This volume examines how cities, migration, and urban governance are intertwined. Questioning and re-working the conceptual reliance on “scales” and “levels”, it draws on examples from both Europe and North America to conceptualize the variety of cities as re-active and pro-active within “glocal” and “socio-territorial dynamics”.

The book covers the governance of the myriad dimensions of urban life, such as work, housing, racism, Islamophobia, xenophobia, the arts, leisure, and other cultural practices, political participation, social movements, and “contentious politics” in North American and European cities. While cities might implement “integration policies,” the chapters do not necessarily assume that migrants live with the telos of “integration”, but rather conduct their lives as anyone else would, making meaning and voicing concerns under often difficult material conditions, strewn with the markers of race, religion, gender, sexuality, age, and often illegality.
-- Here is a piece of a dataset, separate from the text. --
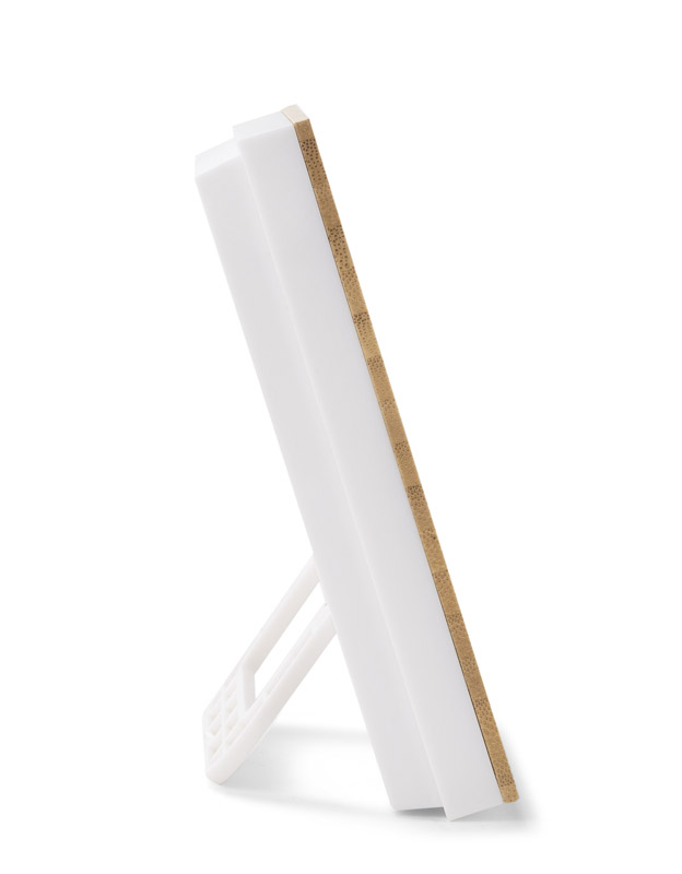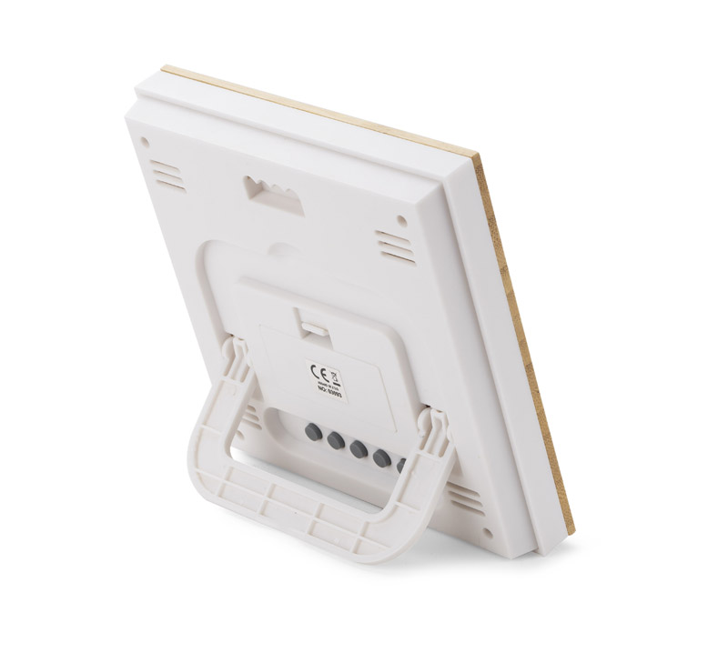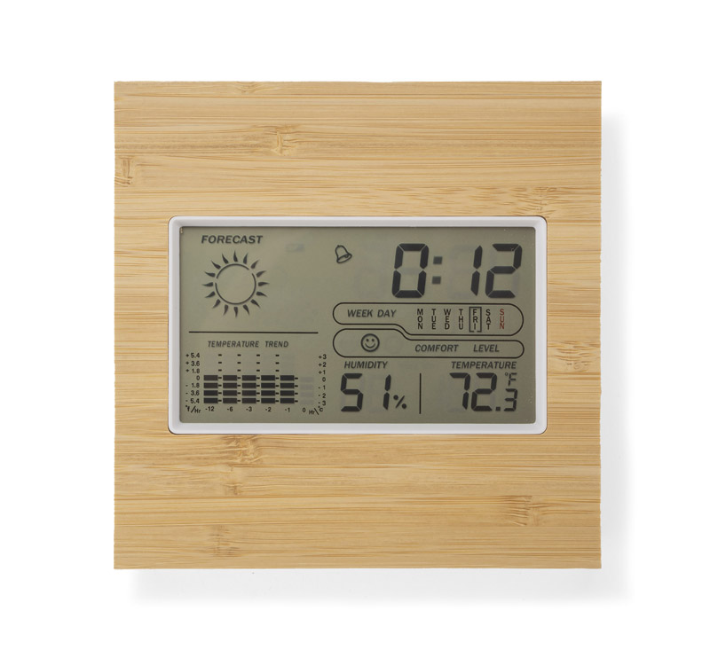 JUPITER to stacja pogody z możliwością pomiaru temperatury wewnątrz pomieszczenia. Posiada następujące funkcje: godzina, data, dzień tygodnia, temperatura wewnętrzna, wilgotność powietrza, poziom komfortu, wizualizacja pogody oraz budzik. Przód obudowy pokryty jest warstwą bambusową, co doskonale współgra z minimalistyczną stylistyką wnętrz.
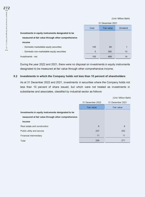 As at 31 December 2022 and 2021, investments in securities where the Company holds not

The volume highlights four arguments, themes, or contributions addressed by one or more of the chapters: how demographic change is prompting more pro-active urban governance responses in many cities in the 21st century; how the sheer complexity of migration in the 21st century is shaping the participation of citizen civil society actors, the growing role of new private actors in the realm of urban governance, and the participation of migrants themselves in this governance. The book reminds us that we are confronted with a spectrum of urban governance strategies, ranging from re-active cities to pro-active and welcoming cities.

Both timely and relevant, this book collects the work of well-known scholars in the field of migration and urban studies. The chapters in this book were originally published as a special issue of Geographical Review.

About the author

Felicitas Hillmann, Professor, is currently Head of the FIS-networking unit "Paradigm Shift" (nups) at the Institute of Urban and Regional Planning, Technische Universität Berlin, Germany. Her research interests focus on the role of migration for urban transformation and for the restructuring of international labour markets, increasingly so under conditions of multiple crises.

Michael Samers is Professor of Economic and Urban Geography at the University of Kentucky, United States. His research interests include the urban and economic dimensions of migration as well as the political economy of urban change, especially in France and the United States.